[THE DATA — start]

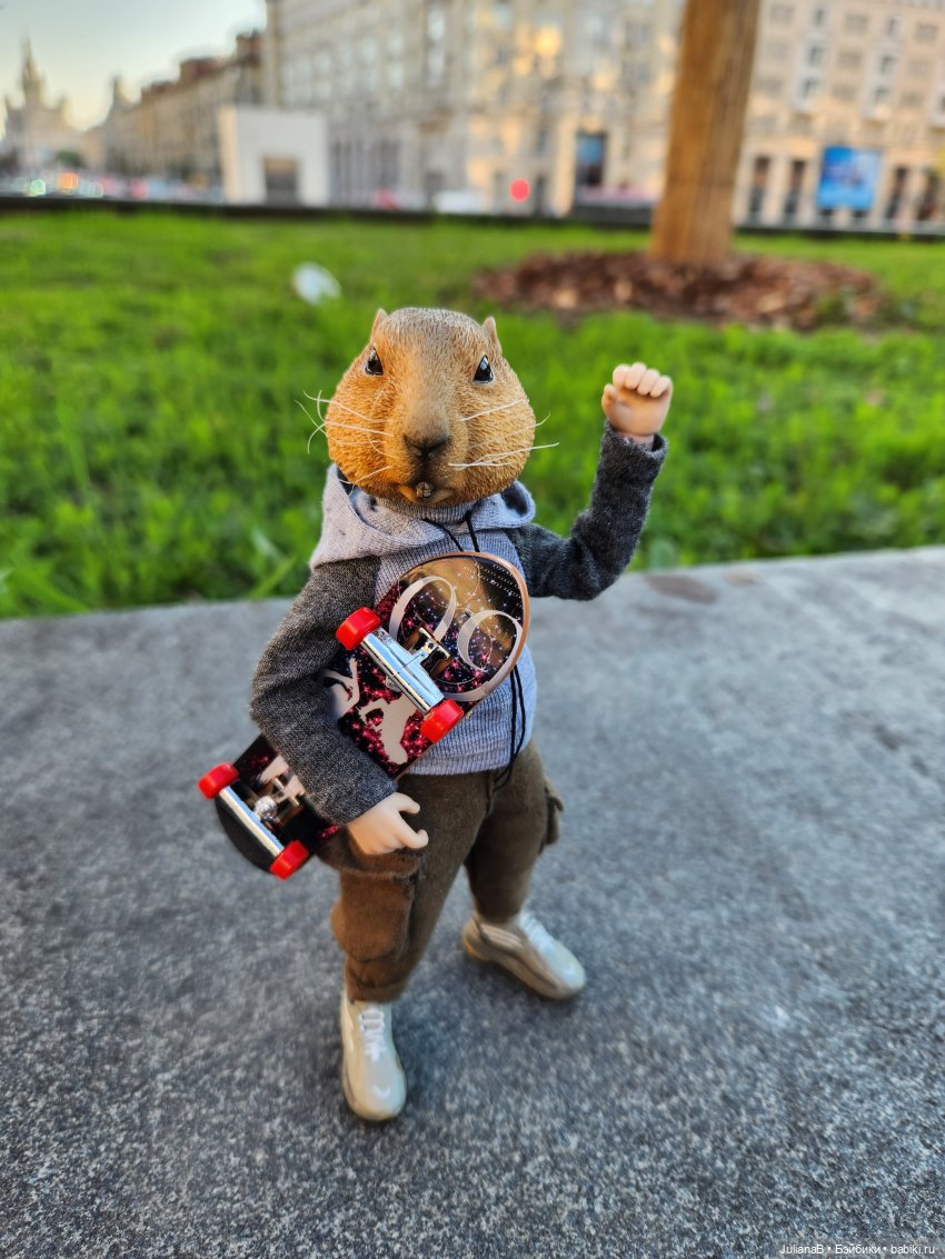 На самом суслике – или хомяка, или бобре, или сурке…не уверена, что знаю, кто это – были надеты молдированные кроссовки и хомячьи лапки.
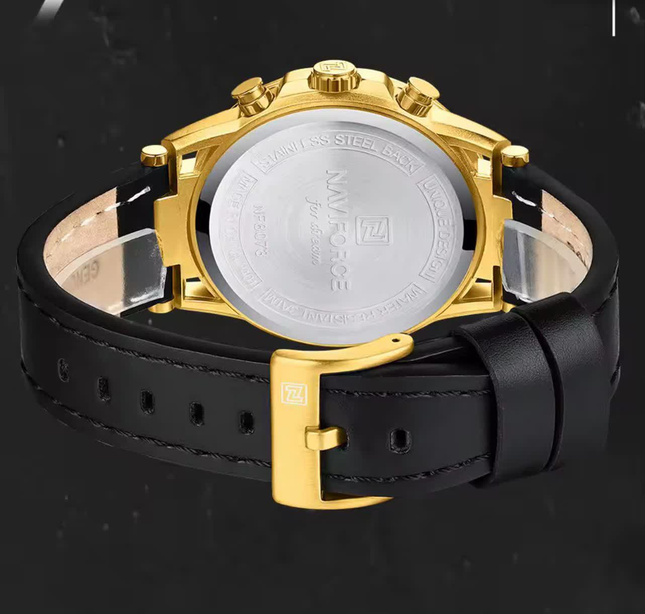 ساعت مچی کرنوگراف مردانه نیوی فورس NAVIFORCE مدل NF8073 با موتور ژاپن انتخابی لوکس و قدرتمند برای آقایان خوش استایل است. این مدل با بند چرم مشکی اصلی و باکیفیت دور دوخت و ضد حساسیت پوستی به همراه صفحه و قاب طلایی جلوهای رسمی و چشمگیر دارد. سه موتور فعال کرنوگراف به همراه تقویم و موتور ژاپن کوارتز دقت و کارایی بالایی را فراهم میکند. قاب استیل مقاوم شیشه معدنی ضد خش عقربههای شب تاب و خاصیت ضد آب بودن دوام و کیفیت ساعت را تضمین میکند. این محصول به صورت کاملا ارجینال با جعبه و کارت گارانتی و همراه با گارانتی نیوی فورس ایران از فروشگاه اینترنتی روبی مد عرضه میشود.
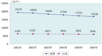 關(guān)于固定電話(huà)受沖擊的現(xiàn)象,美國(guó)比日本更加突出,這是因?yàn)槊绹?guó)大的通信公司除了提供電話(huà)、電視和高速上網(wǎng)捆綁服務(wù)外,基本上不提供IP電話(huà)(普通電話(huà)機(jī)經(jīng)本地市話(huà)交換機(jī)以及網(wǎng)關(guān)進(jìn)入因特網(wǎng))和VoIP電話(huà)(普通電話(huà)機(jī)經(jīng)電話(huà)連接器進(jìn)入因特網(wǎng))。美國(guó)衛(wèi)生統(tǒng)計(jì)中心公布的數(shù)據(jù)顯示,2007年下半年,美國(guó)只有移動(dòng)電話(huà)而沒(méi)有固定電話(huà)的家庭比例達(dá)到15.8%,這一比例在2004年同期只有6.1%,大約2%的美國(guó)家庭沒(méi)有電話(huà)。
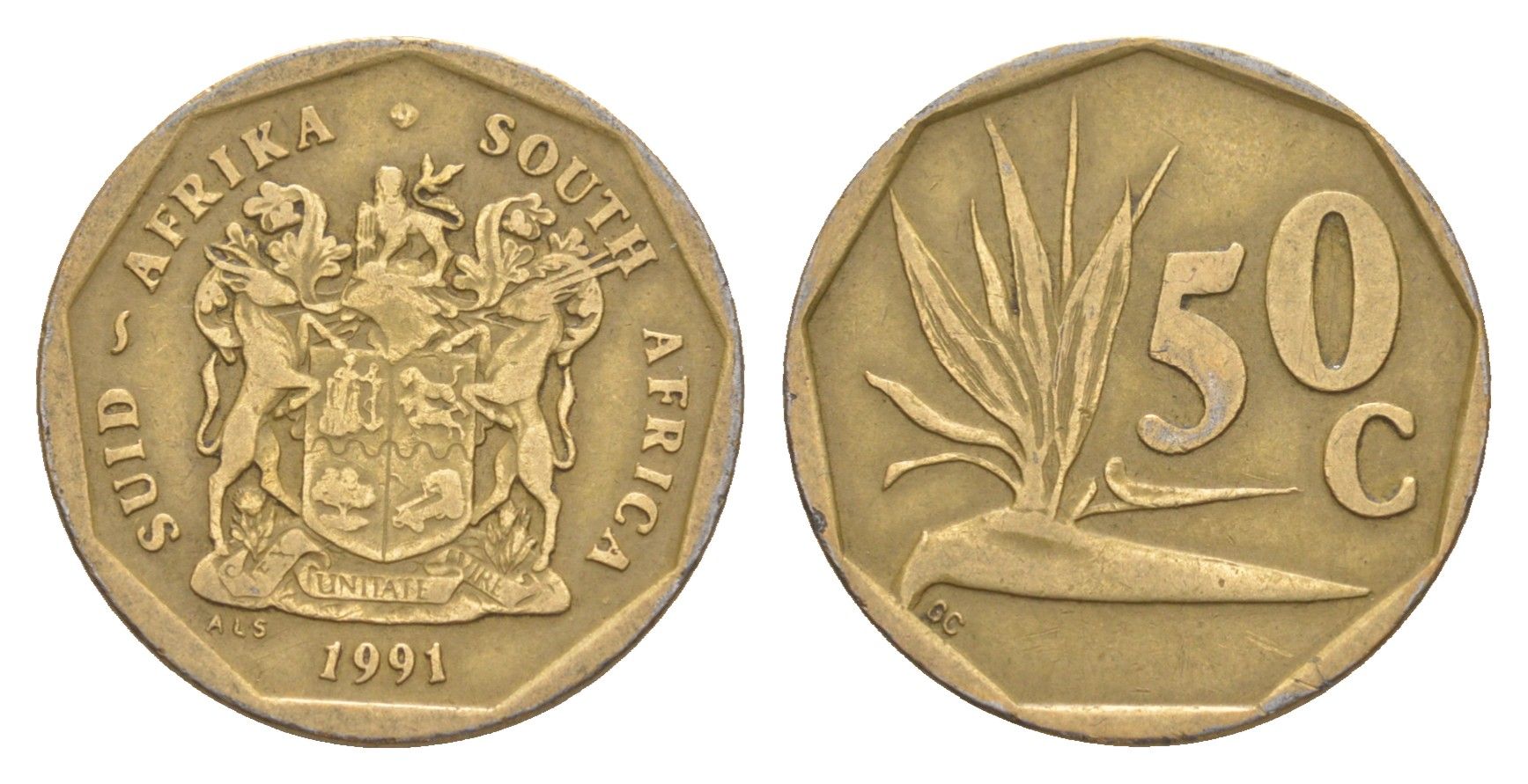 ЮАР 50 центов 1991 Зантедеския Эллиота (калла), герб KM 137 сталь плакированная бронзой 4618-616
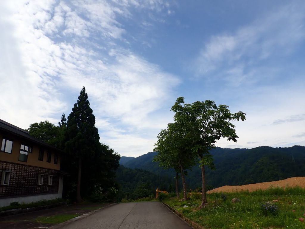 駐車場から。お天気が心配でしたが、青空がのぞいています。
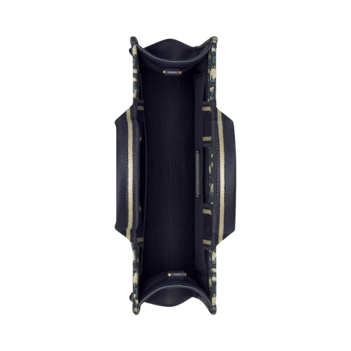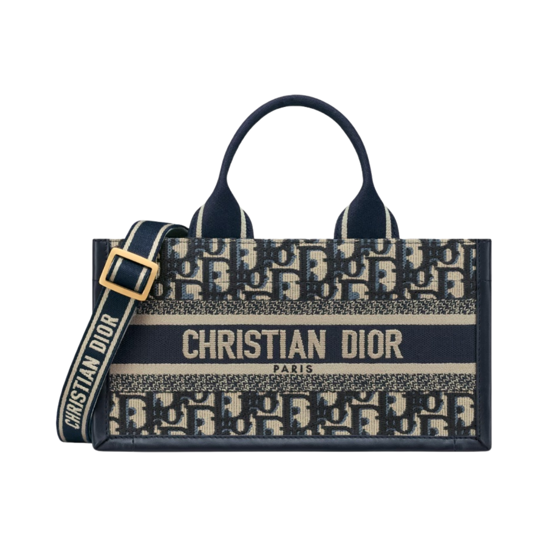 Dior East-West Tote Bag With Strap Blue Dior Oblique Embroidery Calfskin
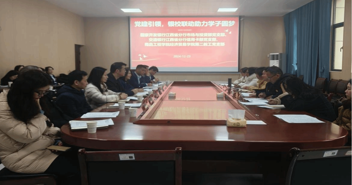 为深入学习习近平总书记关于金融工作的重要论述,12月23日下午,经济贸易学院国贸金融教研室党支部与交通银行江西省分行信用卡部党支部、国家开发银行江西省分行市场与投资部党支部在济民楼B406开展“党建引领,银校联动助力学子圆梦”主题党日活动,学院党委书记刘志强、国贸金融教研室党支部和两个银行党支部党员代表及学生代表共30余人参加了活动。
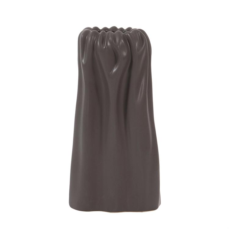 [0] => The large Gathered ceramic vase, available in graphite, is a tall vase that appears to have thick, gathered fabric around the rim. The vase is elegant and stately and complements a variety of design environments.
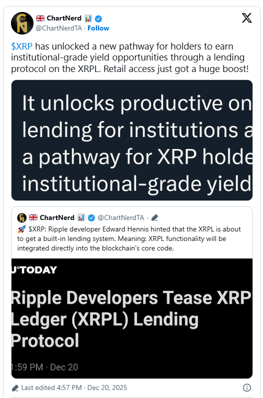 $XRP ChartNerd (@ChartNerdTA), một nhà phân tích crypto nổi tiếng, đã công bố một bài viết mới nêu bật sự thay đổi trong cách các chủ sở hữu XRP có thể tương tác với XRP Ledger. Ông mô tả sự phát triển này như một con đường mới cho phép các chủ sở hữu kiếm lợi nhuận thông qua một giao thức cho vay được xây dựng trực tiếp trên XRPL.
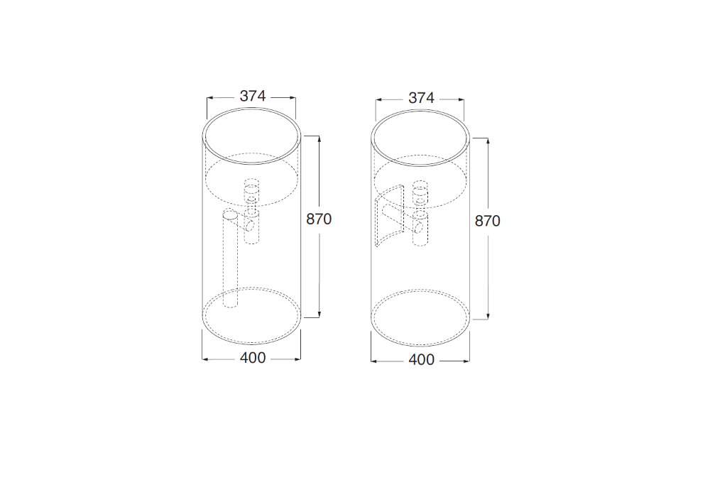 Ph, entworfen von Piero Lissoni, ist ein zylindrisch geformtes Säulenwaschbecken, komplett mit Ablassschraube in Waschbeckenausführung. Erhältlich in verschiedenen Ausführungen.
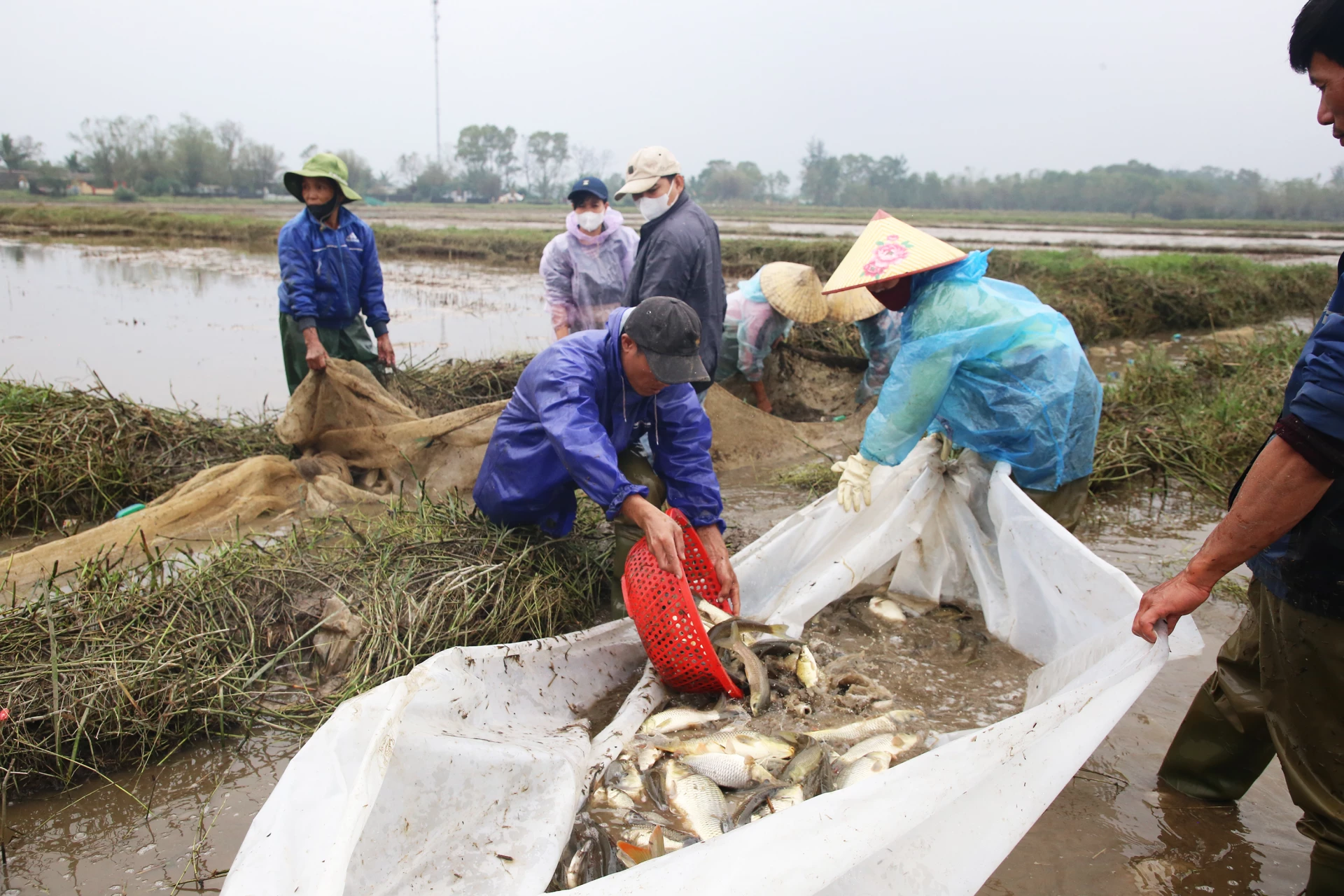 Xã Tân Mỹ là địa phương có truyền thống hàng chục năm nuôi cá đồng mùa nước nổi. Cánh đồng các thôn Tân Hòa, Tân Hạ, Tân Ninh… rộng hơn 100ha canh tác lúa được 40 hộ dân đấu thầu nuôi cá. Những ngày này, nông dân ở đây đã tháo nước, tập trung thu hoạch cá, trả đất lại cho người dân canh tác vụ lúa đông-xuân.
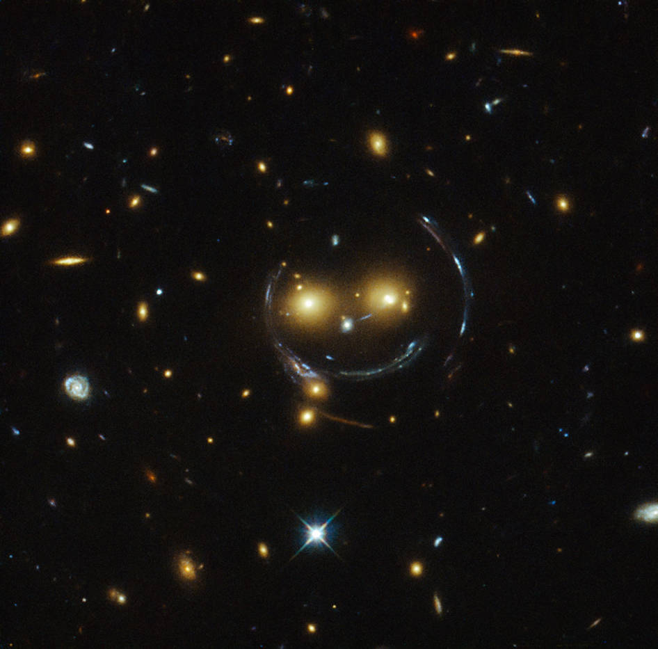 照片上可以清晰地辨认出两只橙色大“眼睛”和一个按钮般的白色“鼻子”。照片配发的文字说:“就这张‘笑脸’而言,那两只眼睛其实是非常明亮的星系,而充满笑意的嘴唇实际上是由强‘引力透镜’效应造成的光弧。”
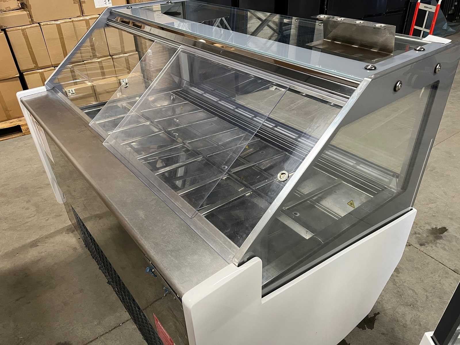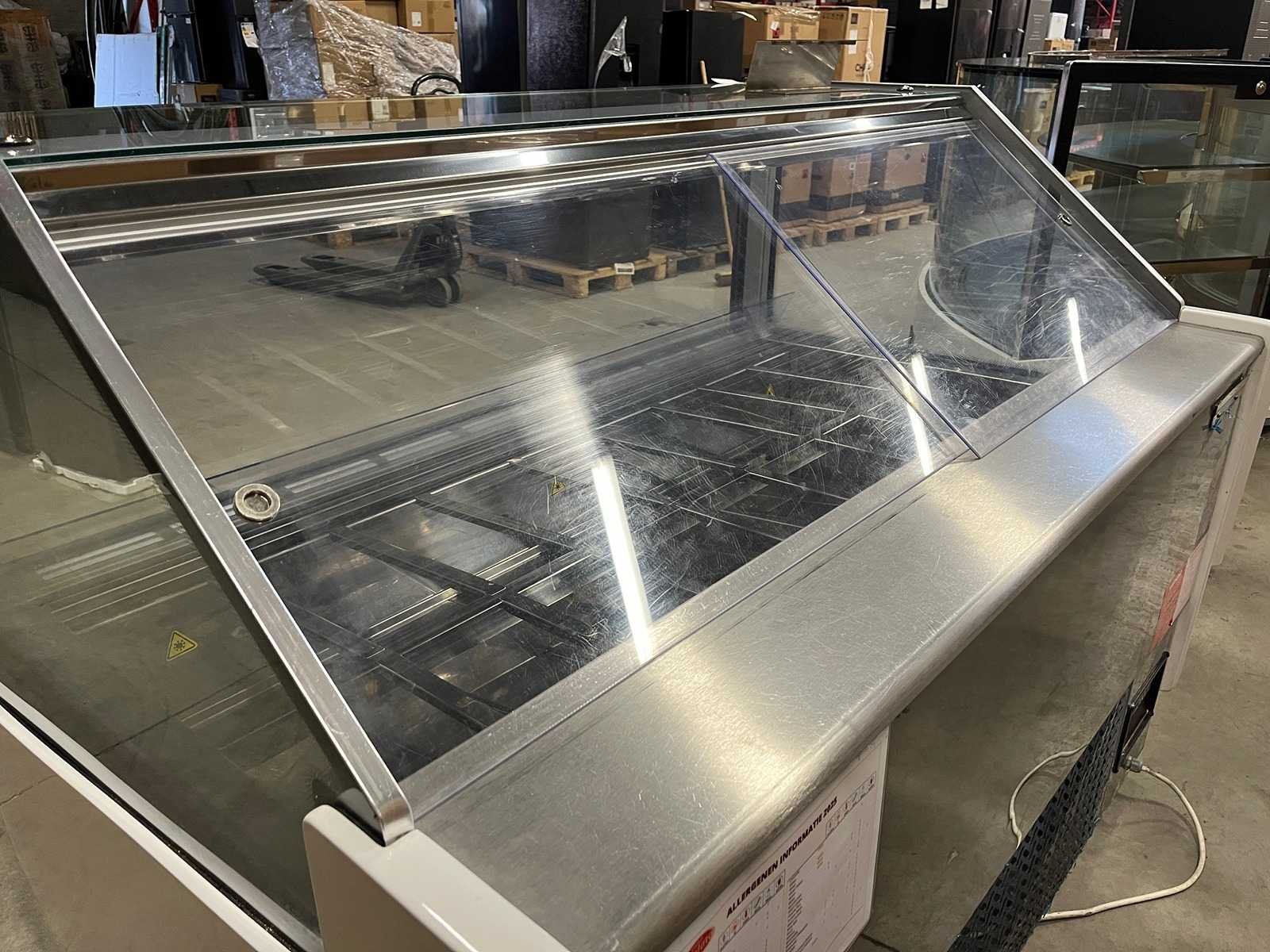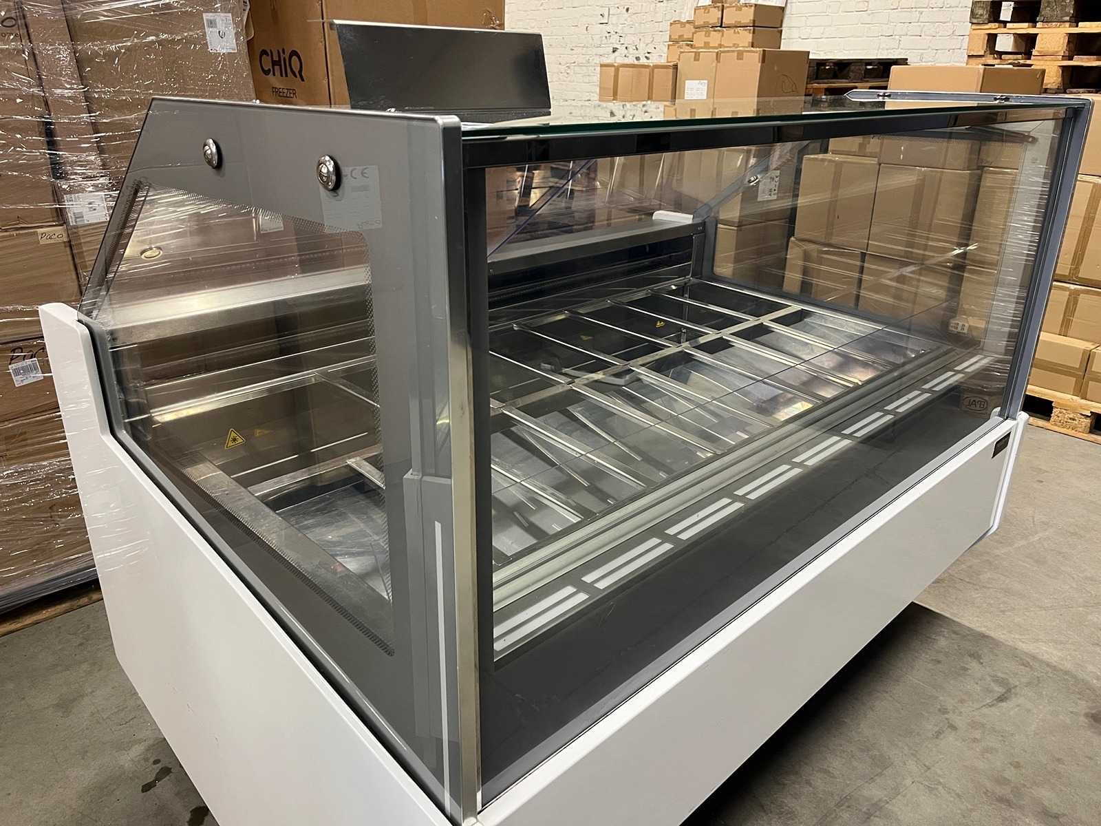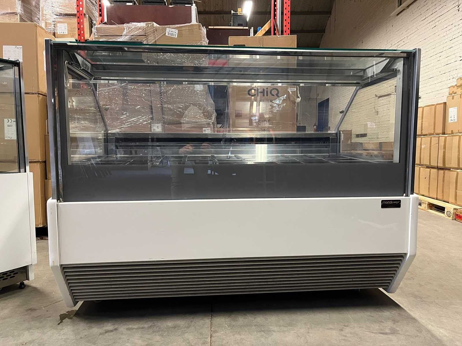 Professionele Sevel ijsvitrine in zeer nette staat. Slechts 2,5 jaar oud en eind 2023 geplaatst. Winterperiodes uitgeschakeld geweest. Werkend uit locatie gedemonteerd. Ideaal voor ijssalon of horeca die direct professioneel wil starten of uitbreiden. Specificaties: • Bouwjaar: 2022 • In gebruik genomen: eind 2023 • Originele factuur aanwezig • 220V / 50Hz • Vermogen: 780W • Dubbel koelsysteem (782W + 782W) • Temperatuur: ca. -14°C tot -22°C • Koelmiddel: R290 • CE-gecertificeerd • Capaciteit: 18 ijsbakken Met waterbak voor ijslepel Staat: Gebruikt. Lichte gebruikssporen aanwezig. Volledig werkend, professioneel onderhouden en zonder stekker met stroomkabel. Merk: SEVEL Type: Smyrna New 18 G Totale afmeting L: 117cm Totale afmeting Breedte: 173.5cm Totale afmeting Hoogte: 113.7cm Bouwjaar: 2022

[THE DATA — finish]

(YOUR OBJECTIVE)
Only the lines from the start of the records to the one containing "關(guān)于固定電話(h" should be repeated, exactly and with both ends kept; drop any pictures.

(TASK ANSWER)
 На самом суслике – или хомяка, или бобре, или сурке…не уверена, что знаю, кто это – были надеты молдированные кроссовки и хомячьи лапки.
 ساعت مچی کرنوگراف مردانه نیوی فورس NAVIFORCE مدل NF8073 با موتور ژاپن انتخابی لوکس و قدرتمند برای آقایان خوش استایل است. این مدل با بند چرم مشکی اصلی و باکیفیت دور دوخت و ضد حساسیت پوستی به همراه صفحه و قاب طلایی جلوهای رسمی و چشمگیر دارد. سه موتور فعال کرنوگراف به همراه تقویم و موتور ژاپن کوارتز دقت و کارایی بالایی را فراهم میکند. قاب استیل مقاوم شیشه معدنی ضد خش عقربههای شب تاب و خاصیت ضد آب بودن دوام و کیفیت ساعت را تضمین میکند. این محصول به صورت کاملا ارجینال با جعبه و کارت گارانتی و همراه با گارانتی نیوی فورس ایران از فروشگاه اینترنتی روبی مد عرضه میشود.
 關(guān)于固定電話(huà)受沖擊的現(xiàn)象,美國(guó)比日本更加突出,這是因?yàn)槊绹?guó)大的通信公司除了提供電話(huà)、電視和高速上網(wǎng)捆綁服務(wù)外,基本上不提供IP電話(huà)(普通電話(huà)機(jī)經(jīng)本地市話(huà)交換機(jī)以及網(wǎng)關(guān)進(jìn)入因特網(wǎng))和VoIP電話(huà)(普通電話(huà)機(jī)經(jīng)電話(huà)連接器進(jìn)入因特網(wǎng))。美國(guó)衛(wèi)生統(tǒng)計(jì)中心公布的數(shù)據(jù)顯示,2007年下半年,美國(guó)只有移動(dòng)電話(huà)而沒(méi)有固定電話(huà)的家庭比例達(dá)到15.8%,這一比例在2004年同期只有6.1%,大約2%的美國(guó)家庭沒(méi)有電話(huà)。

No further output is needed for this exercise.